Le paysan provençal était alors connu pour être grand amateur de petits oiseaux. Il les chassait soit au poste ( environ 4 000 ont été dénombrés en Provence à la fin du XVIIIème siècle), soit à l’agachon (en français, à l’affût, du provençal-occitan "agachar", signifiant "regarder") dans une borie (petit édifice en pierres sèches) spécialement aménagée, soit à la pipée en imitant dans un sifflet spécial de cri de l’oiseau, soit à l’appeau avec un oiseau en cage ou empaillé (à Tourtour,, on dit les "appelants"). Toutes les espèces étaient chassées : tourterelles, perdrix (perdreaux et bartavelles) grives, merles, cailles, sarcelles, macreuses, canard, pluviers, courlis, (et les petits oiseaux comme les pinsons et les rouges-gorges - les rigaoùs -, chasse interdite de nos jours !).
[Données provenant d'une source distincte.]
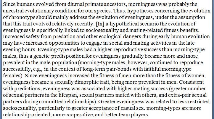Evening types ("owls") my also be evolutionary late-comers, possibly owing their existence to the invention of fire. https://www.researchgate.net/profile/Coltan_Scrivner/publication/333815745_Morningness-Eveningness_and_Sociosexuality_from_a_Life_History_Perspective/links/5d070db492851c900442d4ff/Morningness-Eveningness-and-Sociosexuality-from-a-Life-History-Perspective.pdf …pic.twitter.com/5rUnzApTRu
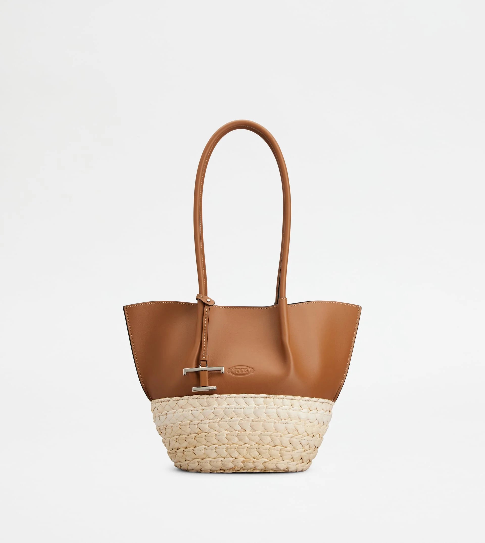 A combination of contemporary design and traditional craftsmanship, this small shopping bag is crafted in calfskin nappa leather, with a handwoven corn leaf base. Featuring long handles secured with the distinctive stitching, it features Tod's logo stamped on the front and the T Timeless pendant. Practical and lightweight, it is perfect in the city as well as on vacation thanks to its ambivalent mood. - Dimensions: L 12.4 ins x H 8.7 ins x D 5.1 ins - Handles: height (drop) 10.2 ins - Made in Italy - Summer shopping bag - Item crafted in calfskin leather - Bottom in straw (corn leaves) - Removable T Timeless pendant in metal and leather - Tod's logo stamped on the front - Magnet closure - Maintenance and care cards included - Branded dustbag
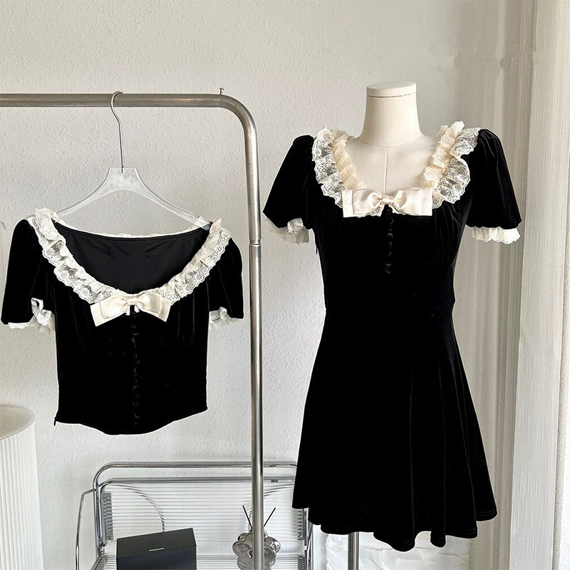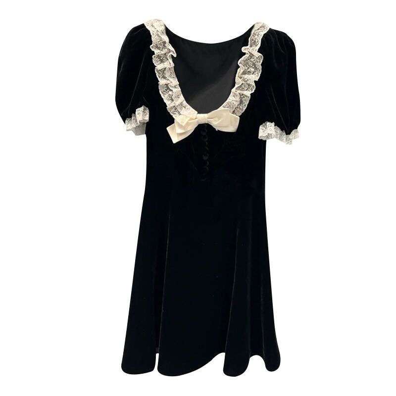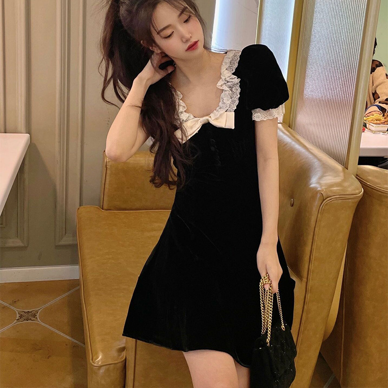 夏季新款蝴蝶结洋气连衣裙高级感修身时尚小黑裙法式赫本风女裙子

Le gibier était souvent gardé plusieurs jours avant d’être consommé : la viande faisandée était largement appréciée . Les historiens ont prouvé que le faisan était considéré -par les gastronomes du temps jadis- meilleur après "un mois de mort" et que les bécasses n’arrivaient à point sur la table qu’après deux mois "d’attente de cuisson" : (cela nécessitait donc d’avoir un agenda précis pour la programmation des repas !).

Pour le gros gibier, la Société de Chasse de Tourtour n’avait pas encore été reconnue d’utilité publique et la chasse au lapin, lièvre et autre sanglier était moins courue, car imposée par des taxes locales et des forts droits seigneuriaux . Il n’en allait pas de même pour la pêche qui était libre : les truites étaient nombreuses dans les ruisseaux du village, et les écrevisses faisaient la joie des gourmets : quand Mariette fait visiter le village de Tourtour aux touristes, elle indique l’emplacement d’anciens bassins (en pierre) pour la culture des écrevisses (l’astaciculture), dans le grand pré de Beauvezet (avec un Z à l’époque) , le petit ilot de rochers, à gauche en regardant la bastide .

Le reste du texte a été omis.